The common ancestor of mesangiosperms underwent WGD event(s), while basal angiosperms (N. colorata and A. trichopoda) did not. Consequently, the number of SMXL genes doubled, but then homologs were lost. Interestingly, the gene loss events occurred selectively in groups I, III, and IV (Figure 1). When the common ancestor of pear, apple, and loquat underwent another recent WGD event [37], the numbers of SMXL genes doubled again (Figure 1). We constructed a phylogenetic tree of the 10 pear SMXL genes, with the results clearly showing expansion of these genes (Figure 4). Furthermore, the spectrum of the Ks values of the 10 SMXLs confirmed two WGD peaks, one with a Ks ~0.13–0.21 that occurred approximately ~7.0–11.3 million years ago (MYA) and the other with a Ks ~1.66–1.93 that took place ~89.6–104.2 MYA (Table S3). These findings demonstrated the evolution and expansion of SMXL genes.
SMXL genes regulate diverse aspects of plant development and responses to various environmental signals in the SL signaling pathway [10,24]. In Arabidopsis, AtSMAX1 responds to KAR signals to regulate seed germination and hypocotyl length [17,48]. AtMAX2 is responsible for the poly-ubiquitination of target SMXL proteins, which are consequently degraded by the 26S proteasome, resulting in downstream signaling. AtSMXL3,4,5 do not respond to KARs or SLs [23], and their involvement in primary phloem formation has been discovered relatively recently [29]. AtSMXL6,7,8 respond to SL signals to inhibit the expression of transcription factors BRC1, TCP1, and PAP1 by binding to the transcriptional corepressor protein TPL and TPL-related protein (TPR), thereby regulating plant branching, leaf morphology, and lateral root growth [27,30]. In addition, it has been found that SMXL6,7,8 are not only repressors but also transcription factors, which negatively regulate their own transcriptional expression to maintain the dynamic balance of SMXL6,7,8 proteins and SL signal responses [24]. There are studies showing that the expression levels of SMXL6,7 are also regulated by the light environment [49].
Our previous study revealed that fruit-thinning treatment could induce bud germination and that SMXL gene members respond to the germination process after fruit-thinning treatment. In this study, we detected transcripts of all 10 PpySMXL genes in pear after fruit-thinning treatment and observed their distinct expression levels (Figure 8). The expression of PpySMXL6,7,8a/b were the highest, followed by PpySMXL1 and PpySMXL2 (with no difference between the experimental group and control), while the expression levels of PpySMXL3,4,5 were the lowest (Figure 8).

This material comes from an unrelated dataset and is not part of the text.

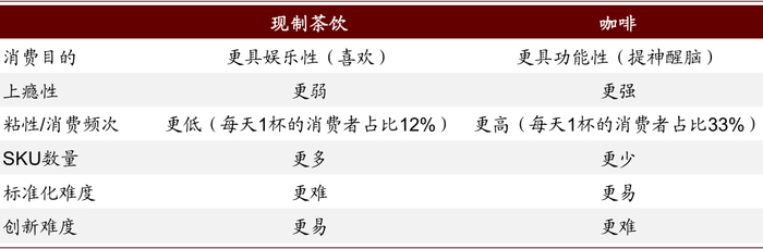 星巴克的成功验证了咖啡是一门能够出大品牌的生意,相比咖啡,现制茶饮更具娱乐性(基于喜欢去消费)而非功能性(提神醒脑)、上瘾性不如咖啡强,因此粘性不如咖啡强、消费频次不如咖啡,根据CBNData和奈雪的茶联合发布的《2020新式茶饮白皮书》,每天1杯或更多的新茶饮消费者占比12%,而根据《2018-2019中国咖啡消费蓝皮书》,每天1杯或更多的咖啡消费者占比33%。此外,现制茶饮较咖啡SKU更多,因而标准化难度更高,也引发了现制茶饮时尚风险更高的担忧。不过我们认为现制茶饮也有优于咖啡之处:

Using qRT-PCR, we detected the relative expression levels of PpySMXL1, PpySMXL3a/b, PpySMXL4, PpySMXL5, PpySMXL6, PpySMXL7, and PpySMXL8a/b, which were consistent with those found in previous studies of model plants but showed a unique regulation of the pear bud after fruit-thinning treatment (Figure 9). This regulatory function might be related to the expansion, functional redundancy, and functional differentiation of SMXL genes in pear. With respect to evolution, in the short term, the functions of homologous SMXL genes in pear are relatively undifferentiated, and redundant homologous genes may play similar roles, but they may have more functions in the future [50]. However, the genes have their own characteristics and functional responses to fruit-thinning treatment. For example, PpySMXL5,6,7 were found to respond quickly at an early stage (1 day) after treatment before being downregulated (Figure 9b), suggesting an important role in the early fruit thinning response. Previous studies have reported that PpySMXL6,7,8 are involved in regulating shoot branching, leaf elongation, and anthocyanin biosynthesis [24]. In this study, the expression of PpySMXL6 and PpySMXL7 was significantly upregulated after fruit-thinning treatment (Figure 9b), but PpySMXL8 was inhibited (Figure 9b), indicating the probable functional differentiation of these SMXL genes in pear. Other new functions in other signaling pathways involved in regulating pear growth and development may also be present, although to date, these have not been identified. In summary, SMXL genes involved in the regulation of branching in pear are candidates for the study of branching in plants.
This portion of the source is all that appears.